The investors are the first to admit they don't know bleep about investing in apps, but Garfield has piqued their interest and they'd like to try out SpeedeTab in a real world setting. This is where WTIC really shines: Sure, tech start-ups fly in Silicon Valley or New York City, but does this one have practical application for regular folk? 

Yes, it turns out. The investors take Garfield to Corky's where, as McConaughey puts it, "Those people drink a shit pot of beer," to see how it fares among the "West Texas oil field rednecks."

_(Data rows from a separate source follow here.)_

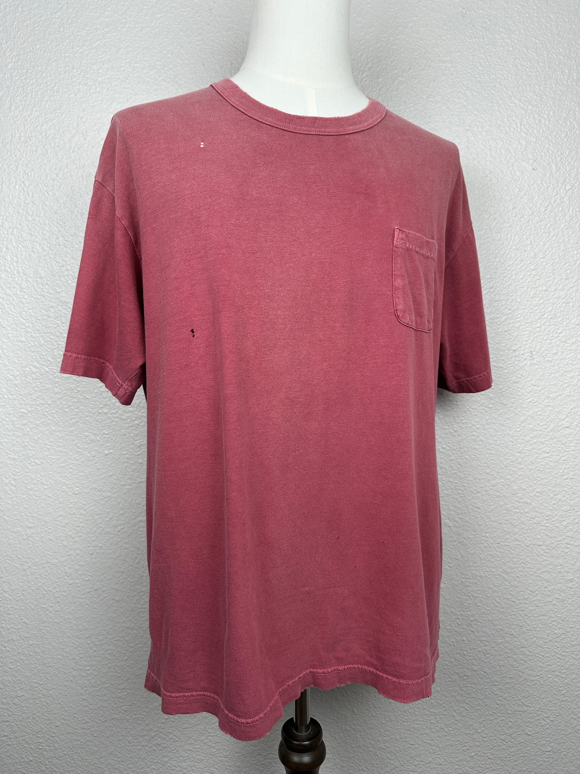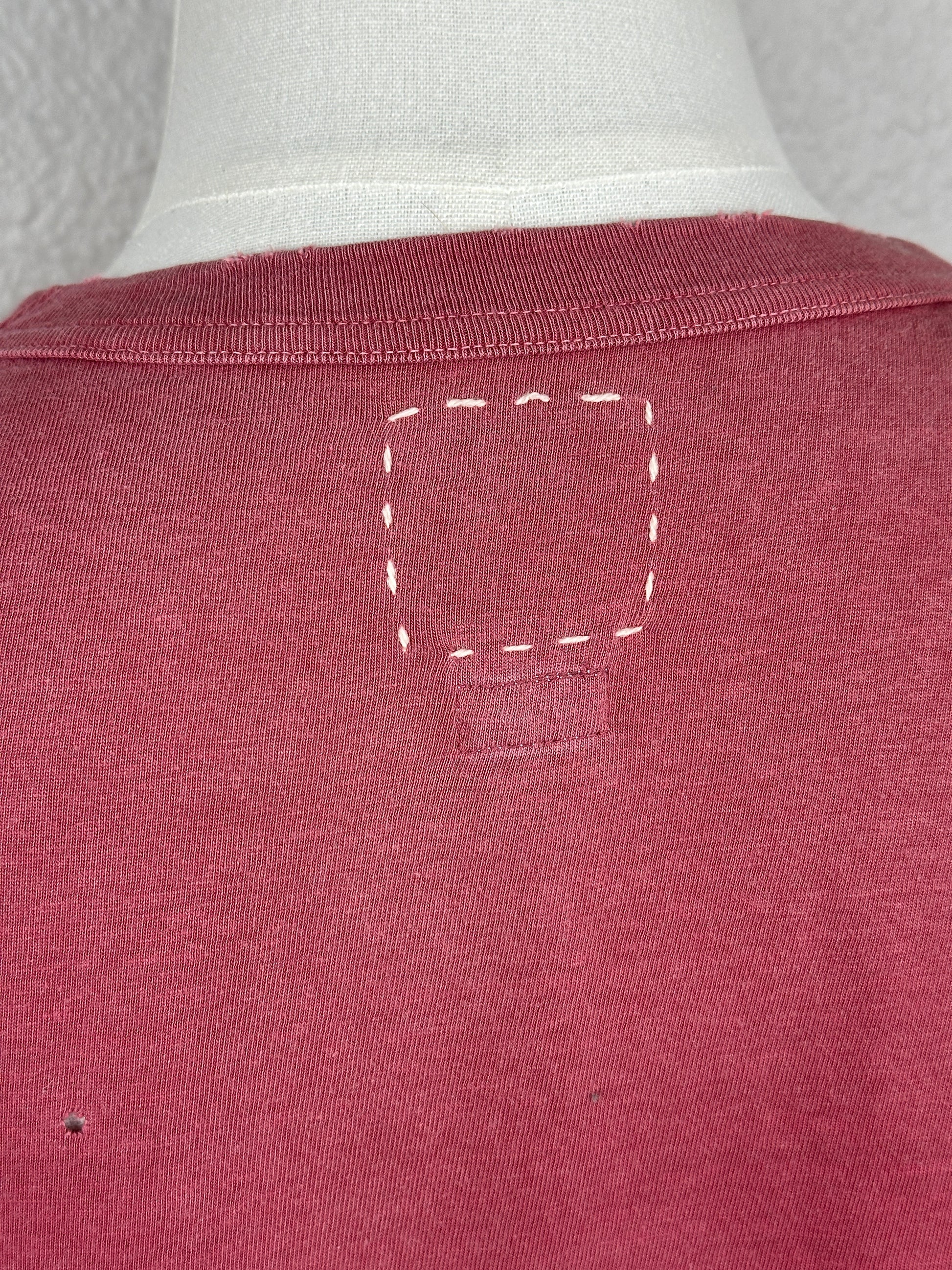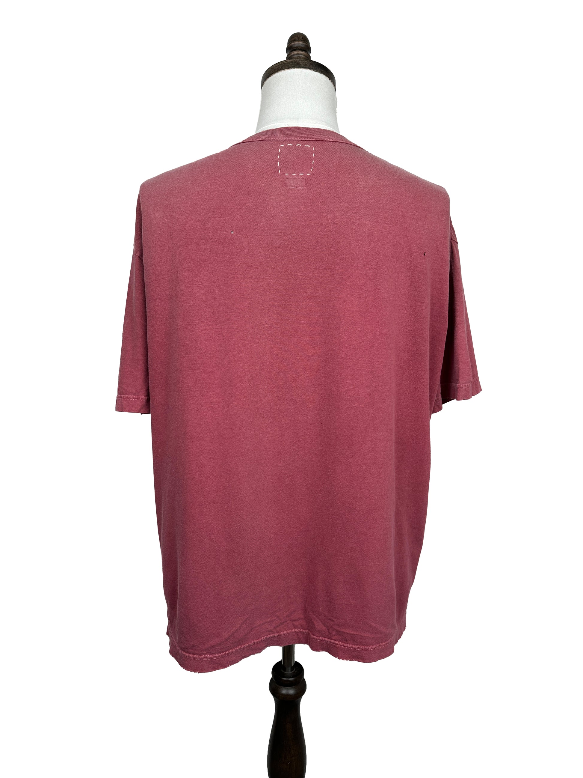 The tee is made using a textured vintage-like cotton. Once constructed, the tee was garment dyed and crash processed, resulting in an authentic vintage character throughout.
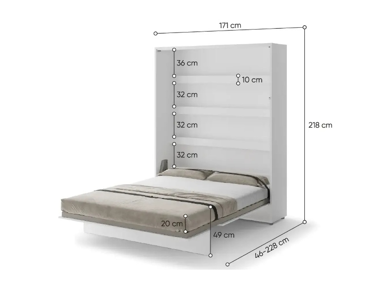 LENART BED CONCEPT BC-12P pat (160x200cm) rabatabil pe perete 171x46-228x218cm alb lucios
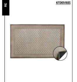 שטיחון מטבח דגם מסגרת בז’ עם בסיס גומי וחלק עליון מבד ג’אקרד עבה במיוחד ואיכותי.
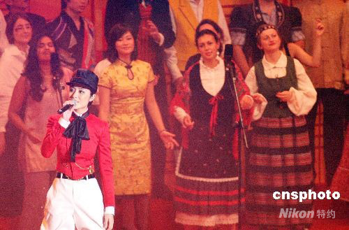 八月八日,香港特區(qū)政府在沙田賽場(chǎng)舉行盛大歡迎晚會(huì)上,歡迎來(lái)自世界各地參加奧運(yùn)馬術(shù)比賽的參賽隊(duì)伍。圖為著名歌星陳慧琳在晚會(huì)上高歌。 中新社發(fā) 洪少葵 攝

Corky's waitresses are none-t00-pleased to forgo their typical "meet regulars at the door with a beer" service and sit stationed behind the bar where customers may use the SpeedeTab app to order and pay for drinks. In its current inception, its customers who pick up drinks from the bar, which as McConaughey points out, might have great utility in Dallas, where lines can be ten deep and bartenders' eyes never seem to fall on you.

The investors are concerned, rightly, that such an app would put working people with families out of jobs, but Garfield says the app will, eventually, create new ones. Randy, the bar owner -- who deadpans hilariously about the time Prather nearly got him arrested down at the Border -- also feels concerned about the app's 30-cent transaction fee. Garfield contends that the app will increase a bar's efficiency and ability to handle so many more customers the fee will be worth his while.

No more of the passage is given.